Scientific classification
- Kingdom: Animalia
- Phylum: Chordata
- Class: Aves
- Order: Passeriformes
- Family: Furnariidae
- Genus: Thripophaga
- Species: T. cherriei
- Binomial name: Thripophaga cherriei Berlepsch & Hartert, 1902

= Orinoco softtail =

- Genus: Thripophaga
- Species: cherriei
- Authority: Berlepsch & Hartert, 1902
- Conservation status: VU

Species of bird

The Orinoco softtail (Thripophaga cherriei) is a Vulnerable species of bird in the Furnariinae subfamily of the ovenbird family Furnariidae. It is found in Colombia and Venezuela.

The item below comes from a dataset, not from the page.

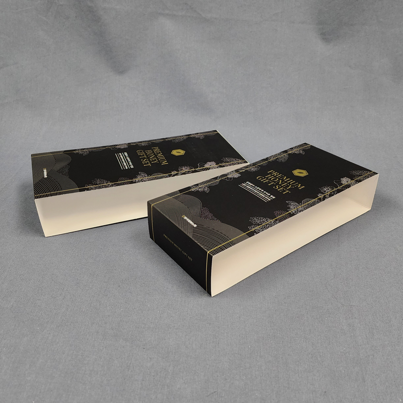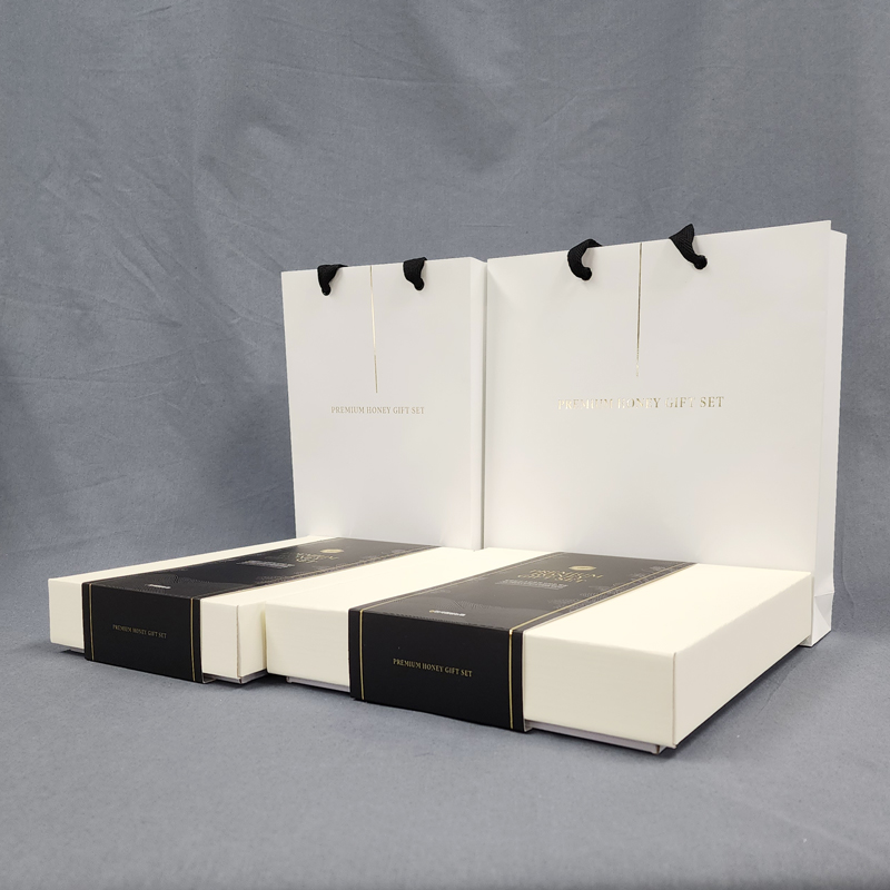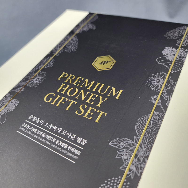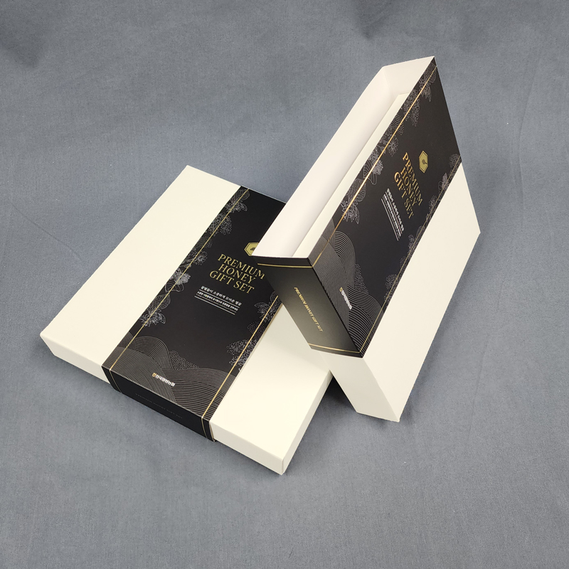 저희가 얼마 전 제작해 납품한 꿀 선물세트 박스형태 또한 귀하신 계층입니다. 상하짝 박스에 띠지로 마감하고, 쇼핑백이란 ‘집사’까지 거느리고 있으니.. 선물패키지에 어울리는 최상위 귀족층임이 분명합니다.

==Taxonomy and systematics==

The Orinoco softtail is monotypic.

The Orinoco softtail's specific epithet honors George Kruck Cherrie, who collected the first two specimens in 1899 on the Orinoco River in Venezuela.

==Description==

The Orinoco softtail is 15.5 to 17.5 cm long. The sexes have the same plumage. Adults have a faint buff or whitish supercilium on a otherwise buff-streaked brownish face. Their forehead is brown with buff streaks and their crown medium brown with some faint yellowish spots. Their back is rufescent brown with a faint olive cast, their rump rufescent, and their uppertail coverts reddish chestnut. Their tail is dark rufous to reddish chestnut. Their wings are mostly dark rufous chestnut with rufous-cinnamon at the base of the flight feathers. Their chin is a conspicuous tawny orange and their upper throat chestnut rufous. Their lower throat, neck, and breast are raw umber brown or olive brown with sharp buff streaks. Their belly is paler brown and their undertail coverts reddish rufous or ferruginous. Their iris is dark red, their bill gray to blackish, and their legs and feet dull pinkish olive.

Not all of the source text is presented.